• [YOUR INSTRUCTIONS]:
Repeat the listing below exactly.

• [INFORMATION PROVIDED]:
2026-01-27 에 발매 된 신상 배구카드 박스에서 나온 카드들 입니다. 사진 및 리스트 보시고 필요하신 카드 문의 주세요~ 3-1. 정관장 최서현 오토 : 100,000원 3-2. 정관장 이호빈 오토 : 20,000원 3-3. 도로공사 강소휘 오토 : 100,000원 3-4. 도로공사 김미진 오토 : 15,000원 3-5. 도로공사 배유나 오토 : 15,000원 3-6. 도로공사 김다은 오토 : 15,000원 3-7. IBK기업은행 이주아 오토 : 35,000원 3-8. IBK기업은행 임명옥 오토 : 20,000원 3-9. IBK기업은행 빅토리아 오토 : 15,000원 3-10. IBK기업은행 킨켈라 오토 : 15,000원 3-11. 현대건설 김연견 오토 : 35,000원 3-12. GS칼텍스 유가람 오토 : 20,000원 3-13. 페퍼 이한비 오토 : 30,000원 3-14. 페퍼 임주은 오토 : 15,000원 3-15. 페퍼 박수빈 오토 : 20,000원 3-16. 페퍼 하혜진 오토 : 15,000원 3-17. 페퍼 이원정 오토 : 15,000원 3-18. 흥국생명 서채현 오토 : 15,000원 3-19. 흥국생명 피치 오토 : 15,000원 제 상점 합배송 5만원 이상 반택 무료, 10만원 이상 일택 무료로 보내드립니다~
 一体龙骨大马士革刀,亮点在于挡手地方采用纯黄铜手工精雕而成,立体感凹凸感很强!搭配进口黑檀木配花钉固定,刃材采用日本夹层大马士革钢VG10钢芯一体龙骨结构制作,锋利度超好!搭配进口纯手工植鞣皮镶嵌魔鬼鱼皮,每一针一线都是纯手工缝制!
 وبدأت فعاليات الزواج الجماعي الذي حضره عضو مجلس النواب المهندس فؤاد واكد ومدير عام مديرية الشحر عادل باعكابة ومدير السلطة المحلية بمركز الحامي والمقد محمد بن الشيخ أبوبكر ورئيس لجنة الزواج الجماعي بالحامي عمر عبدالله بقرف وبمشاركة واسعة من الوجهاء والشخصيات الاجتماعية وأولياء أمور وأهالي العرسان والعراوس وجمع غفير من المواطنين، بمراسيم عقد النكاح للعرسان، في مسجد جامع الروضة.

• [ANSWER SECTION]:
2026-01-27 에 발매 된 신상 배구카드 박스에서 나온 카드들 입니다. 사진 및 리스트 보시고 필요하신 카드 문의 주세요~ 3-1. 정관장 최서현 오토 : 100,000원 3-2. 정관장 이호빈 오토 : 20,000원 3-3. 도로공사 강소휘 오토 : 100,000원 3-4. 도로공사 김미진 오토 : 15,000원 3-5. 도로공사 배유나 오토 : 15,000원 3-6. 도로공사 김다은 오토 : 15,000원 3-7. IBK기업은행 이주아 오토 : 35,000원 3-8. IBK기업은행 임명옥 오토 : 20,000원 3-9. IBK기업은행 빅토리아 오토 : 15,000원 3-10. IBK기업은행 킨켈라 오토 : 15,000원 3-11. 현대건설 김연견 오토 : 35,000원 3-12. GS칼텍스 유가람 오토 : 20,000원 3-13. 페퍼 이한비 오토 : 30,000원 3-14. 페퍼 임주은 오토 : 15,000원 3-15. 페퍼 박수빈 오토 : 20,000원 3-16. 페퍼 하혜진 오토 : 15,000원 3-17. 페퍼 이원정 오토 : 15,000원 3-18. 흥국생명 서채현 오토 : 15,000원 3-19. 흥국생명 피치 오토 : 15,000원 제 상점 합배송 5만원 이상 반택 무료, 10만원 이상 일택 무료로 보내드립니다~
 一体龙骨大马士革刀,亮点在于挡手地方采用纯黄铜手工精雕而成,立体感凹凸感很强!搭配进口黑檀木配花钉固定,刃材采用日本夹层大马士革钢VG10钢芯一体龙骨结构制作,锋利度超好!搭配进口纯手工植鞣皮镶嵌魔鬼鱼皮,每一针一线都是纯手工缝制!
 وبدأت فعاليات الزواج الجماعي الذي حضره عضو مجلس النواب المهندس فؤاد واكد ومدير عام مديرية الشحر عادل باعكابة ومدير السلطة المحلية بمركز الحامي والمقد محمد بن الشيخ أبوبكر ورئيس لجنة الزواج الجماعي بالحامي عمر عبدالله بقرف وبمشاركة واسعة من الوجهاء والشخصيات الاجتماعية وأولياء أمور وأهالي العرسان والعراوس وجمع غفير من المواطنين، بمراسيم عقد النكاح للعرسان، في مسجد جامع الروضة.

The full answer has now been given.